Dynamics of the spontaneously accelerative equatorial expansion of a droplet in a high-intensity acoustic standing wave field

This work reports an investigation of the acoustically induced accelerated deformation of drops in high-intensity acoustic standing wave fields generated by a single-axis acoustic levitator. The dynamic characteristics of droplet deformation are obtained and discussed based on high-speed visualization and in-house Python codes. Based on the actual physical characteristics, the finite element method numerical model has been developed for intercoupling the sound field and flow field, allowing for bidirectional feedback between the drop shape and the acoustic wave. The experimental results indicate that during the deformation process of droplets, their equatorial radius expands at an increasing speed without artificially increasing the sound field intensity. The simulation shows that the acoustic radiation suction acting on the equator dominates droplet deformation.
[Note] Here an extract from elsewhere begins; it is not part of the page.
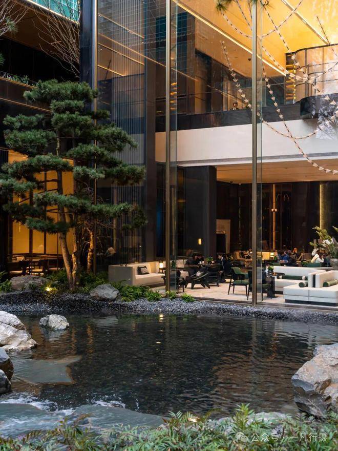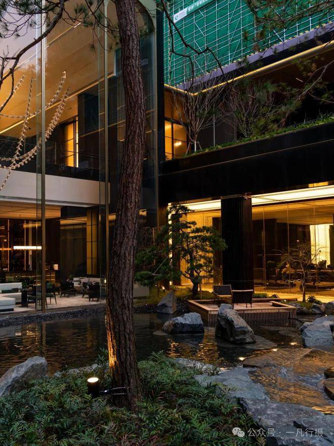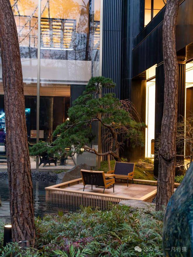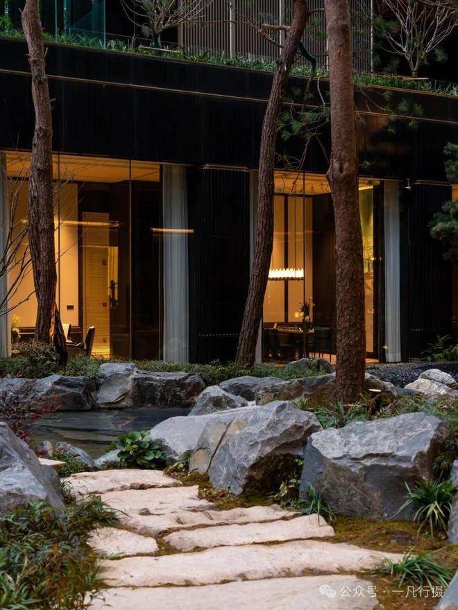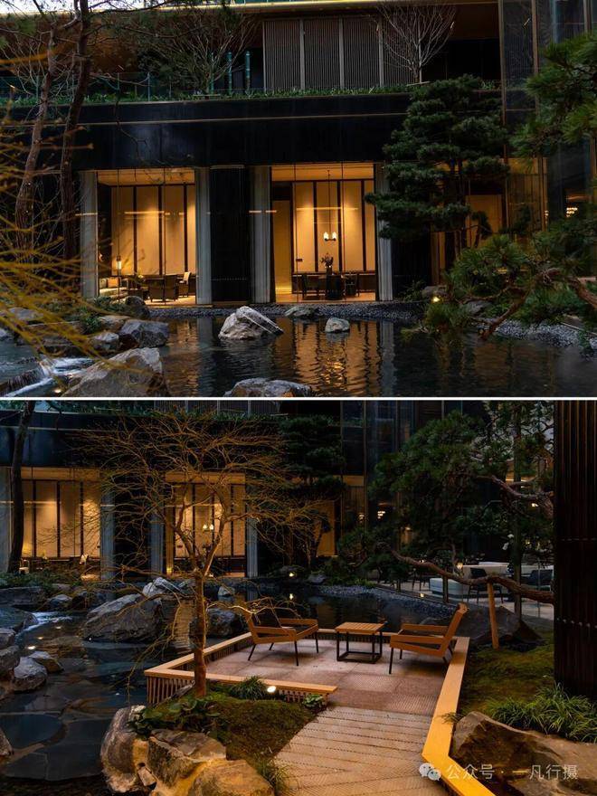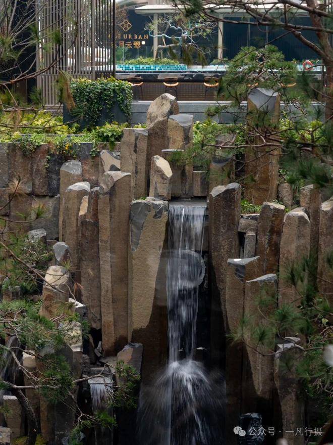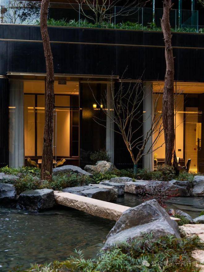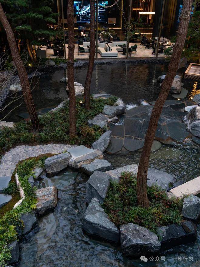进入庭院,犹如进入了一个空山幽谷的世界,来自火山遗迹的六方石,形似拙朴的天然崖壁,瀑布冲刷石块的水流声,整个庭院显得尤为幽静,步履相随间掀开隐与奢的生活序幕。

Furthermore, there is a kind of positive feedback loop between the acoustic radiation pressure (p(r)) amplitude at the drop's equator and the aspect ratio (AR) during the deformation period. It is confirmed that this causes the spontaneous accelerated expansion of the droplet's equator. In addition, the functional relationship between p(r) at the drop's equator and the AR has been obtained through theoretical derivation, which is consistent with the simulation results. Finally, the critical Bond number (B-a,B-s) of the rim instability is also obtained. This work provides deeper insights into contactless liquid manipulation and ultrasonic atomization technology applications.